Sample characteristics

Participants were aged between 18 and 82 years old (median 46). From the 2532 primary care patients approached, 676 consented to participate (452 women; 224 men). Median and interquartile range for women were 2 and 4, and for men 2 and 3. The difference in median scores between women and men was not significant (Mann–Whitney U = 47,981.50, p = 0.253). The table below presents participants’ demographic characteristics (age, marital status, education level), as well as their GHQ-12 scores by gender.(Table 2).

Table 2

Total and by gender socio-demographic characteristics and GHQ-12 scores (0-0-1-1 scoring)

	Women (N = 452)		Men (N = 224)		Total (N = 676)
	N	%	N	%	N	%
Age (11 missing)
18–29	117	26.2	47	21.4	164	24.7
30–39	62	13.9	24	11.0	86	12.9
40–49	118	26.5	28	12.8	146	22.0
50–64	119	26.7	81	37.0	200	30.0
65+	30	6.7	39	17.8	69	10.4
Marital status (2 missing)
Unmarried	77	17.1	54	24.1	131	19.4
Married	319	71.1	163	72.8	482	71.7
Separated/Divorced/Widowed	53	11.8	7	3.1	60	8.9
Education (6 missing)
Elementary	94	21.0	33	14.9	127	19.0
Middle school	104	23.2	43	19.4	147	21.9
High school	157	35.0	97	43.6	254	37.9
Diploma	20	4.5	16	7.2	36	5.4
University	48	10.7	27	12.2	75	11.2
Others	25	5.6	6	2.7	31	4.6
GHQ-12 Score
Median (IQR)	2.00 (4.00)		2.00 (3.00)		2.00 (4.00)

Total and by gender socio-demographic characteristics and GHQ-12 scores (0-0-1-1 scoring) Almost one in five (19%) had only completed elementary-level education. A further 21% completed Junior High School, and 37.9% completed a high school diploma. The rest (22.1%) completed undergraduate or postgraduate degrees.

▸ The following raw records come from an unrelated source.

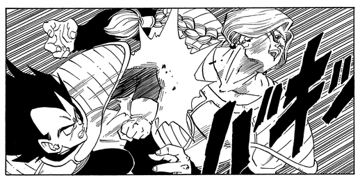 Mientras opera de forma independiente para localizar más Dragon Balls, es atacado por nada menos que Vegeta, quien usa el poder que ha obtenido para poner a Zarbon contra las cuerdas.
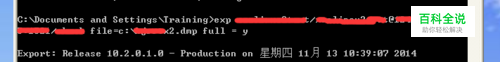 直接输入 exp 用户名/密码@远程的IP:端口/实例 file=存放的位置:\文件名称.dmp full = y。如下图:
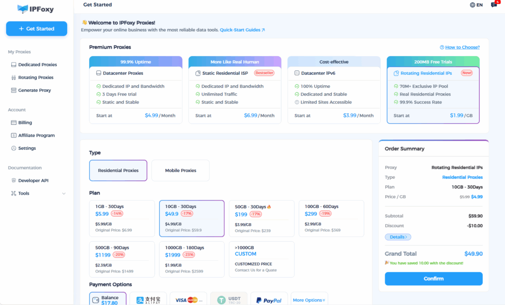 If you need a dynamic residential IP for large-scale Amazon scraping, IPFoxy is one of the highly rated professional service providers in the industry. It offers real residential IPs from home broadband, high-quality and stable ASNs, coverage of core global regions, and supports per-request rotation, sticky sessions, and API/port switching to adapt to different scraping scenarios.
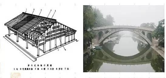 左:傳統具有柱、梁的木質房屋結構;右:趙州橋。
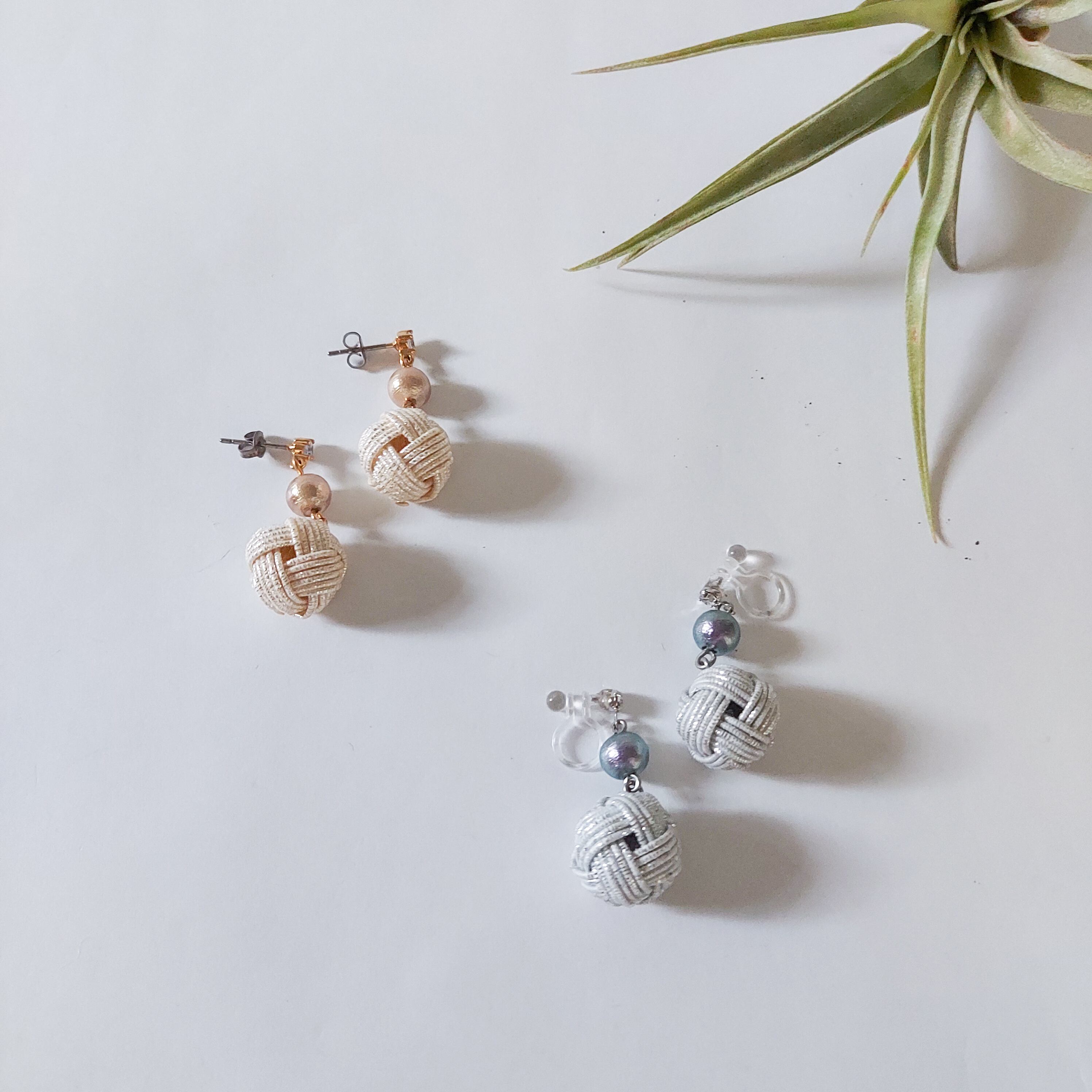 コットンパールといっしょに揺れるピアスとイヤリングです。
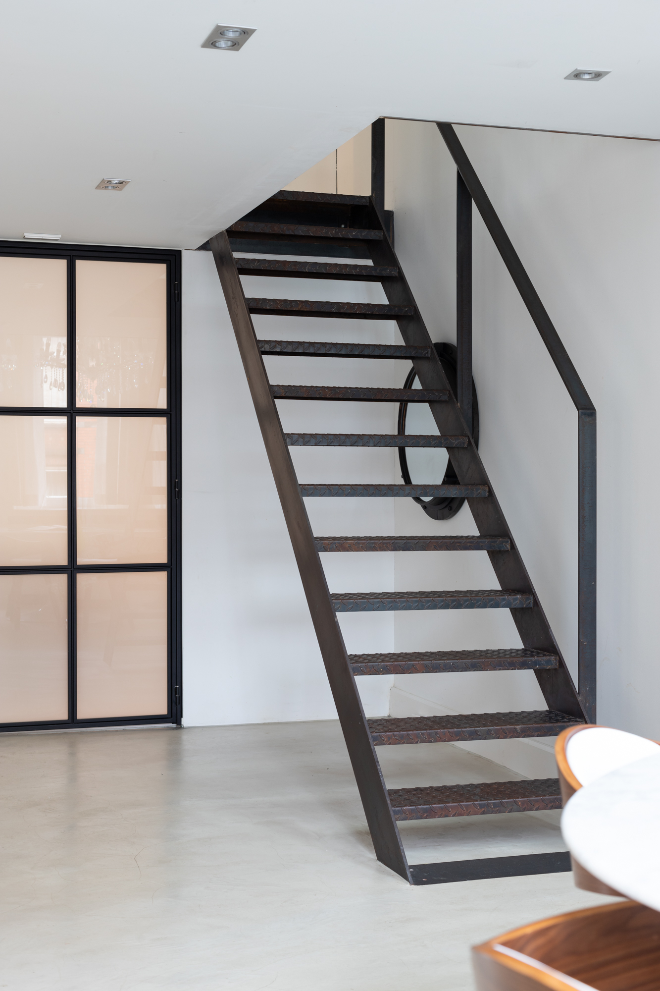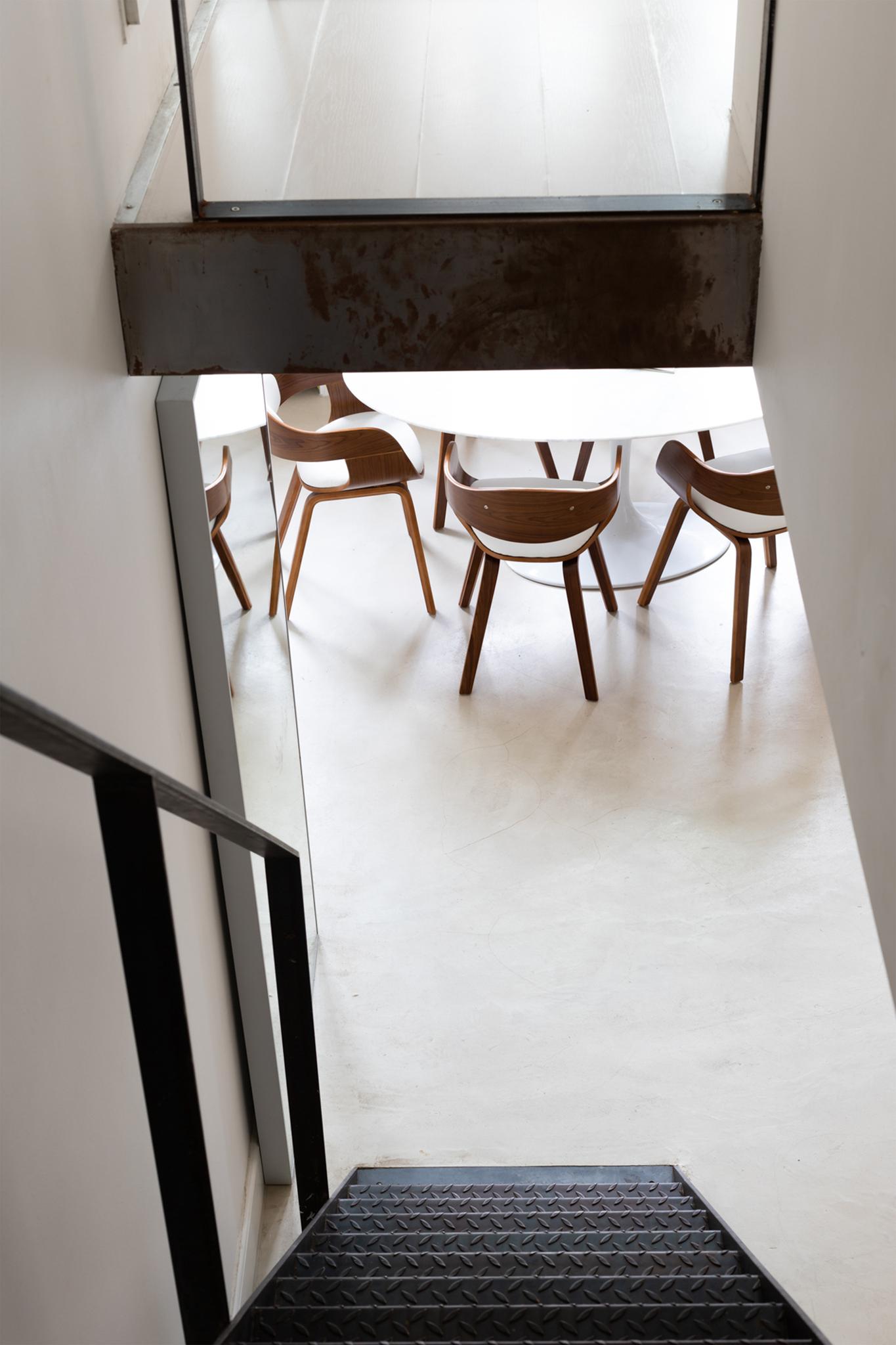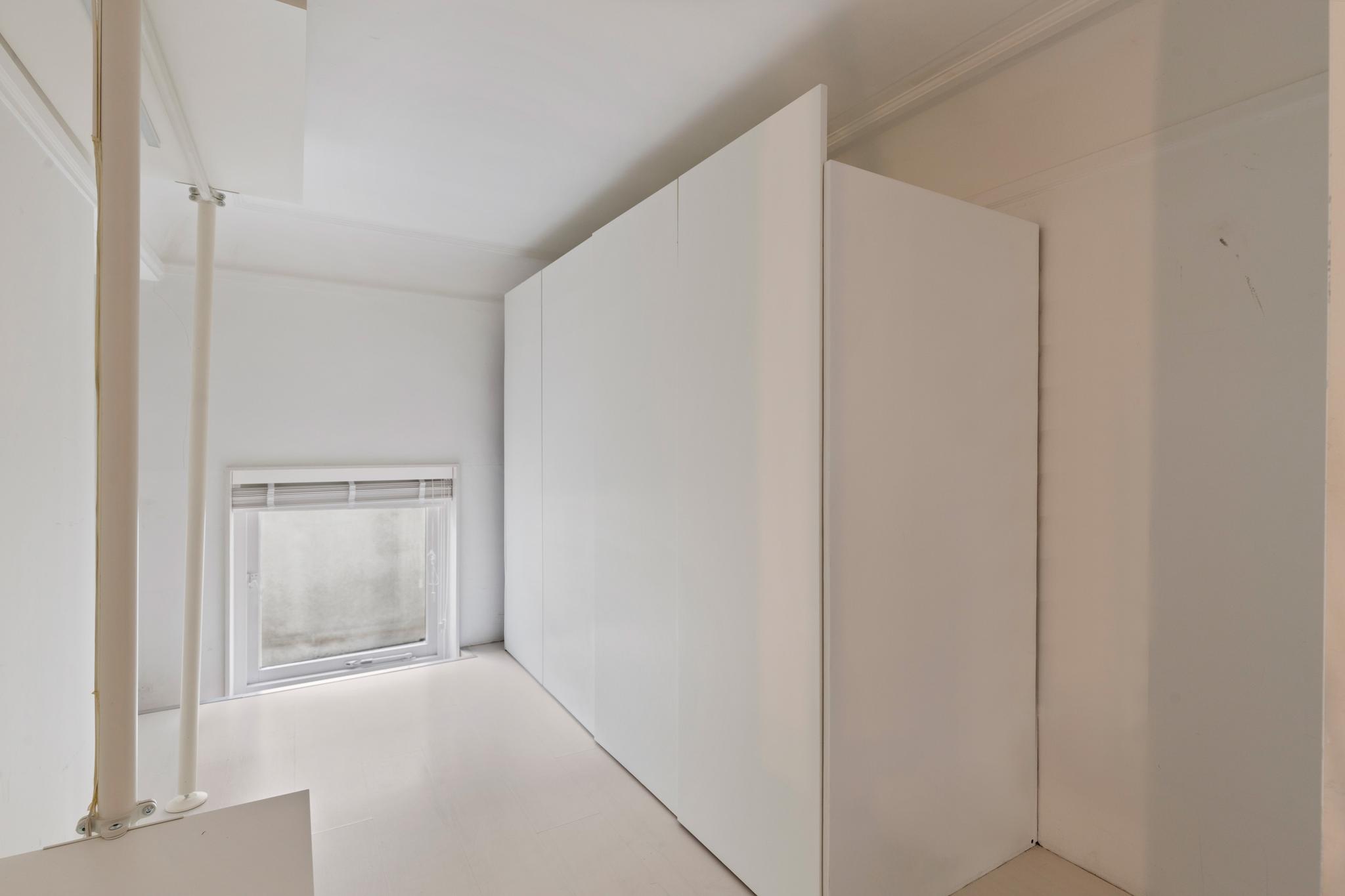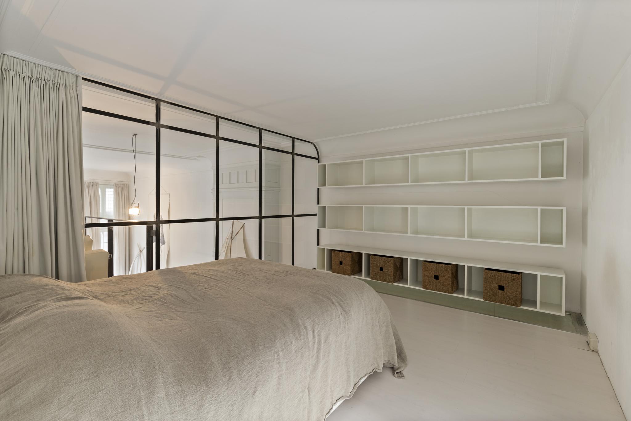 The modern steel staircase leads up to the top floor. Here you will find the bedroom with custom-made walk-in closet, an extra room that can be used in different ways (think lounge, study, or nursery), and a separate (spacious) storage room with washer & dryer connections.

Fewer than 5% received less than 6 years of formal education. Table 3 shows the prevalence of ICD-10 psychiatric diagnoses and GHQ-12 median scores for adult Indonesian primary care patients. For those with a severe depressive episode, the GHQ-12 median score was 10, with an interquartile range of 7. For those with Comorbid Anxiety and Depression, the GHQ-12 median score was 3, with an interquartile range of 3. For those with general anxiety disorder the GHQ-12 median score was 6, with an interquartile range of 9.

Table 3

Total and by gender prevalence of psychiatric diagnoses and median GHQ-12 scores (bimodal scoring) of respondents interviewed with CIS-R and further clinical interviews

ICD-10 diagnoses	Men	Women	Total	GHQ-12
ICD-10 diagnoses	N (%)	N (%)	N (%)	Median (IQR)
Mild depressive episode	7 (1.0)	29 (4.3)	36 (5.3)	2 (3)
Moderate depressive episode	1 (0.1)	11 (1.6)	12 (1.8)	7 (4)
Severe depressive episode	1 (0.1)	4 (0.6)	5 (0.7)	10 (7)
Mixed anxiety and depression	31 (4.6)	71 (10.5)	102 (15.1)	3 (3)
General anxiety disorder	7 (1.0)	18 (2.7)	25 (3.7)	6 (2)
Panic disorder	5 (0.7)	15 (2.2)	20 (3.0)	5 (6)
Social phobia	7 (1.0)	13 (1.0)	20 (3.0)	2 (1)
Agoraphobia	1 (0.1)	0 (0.0)	1 (0.1)	2 (0)
Specific isolated phobia	2 (0.3)	6 (0.9)	8 (1.2)	3.5 (2)
Obsessive compulsive disorder	0 (0.0)	3 (0.4)	3 (0.4)	5 (0)
Diagnosis of other disorders	15 (2.2)	54 (8.0)	69 (10.2)	2 (3)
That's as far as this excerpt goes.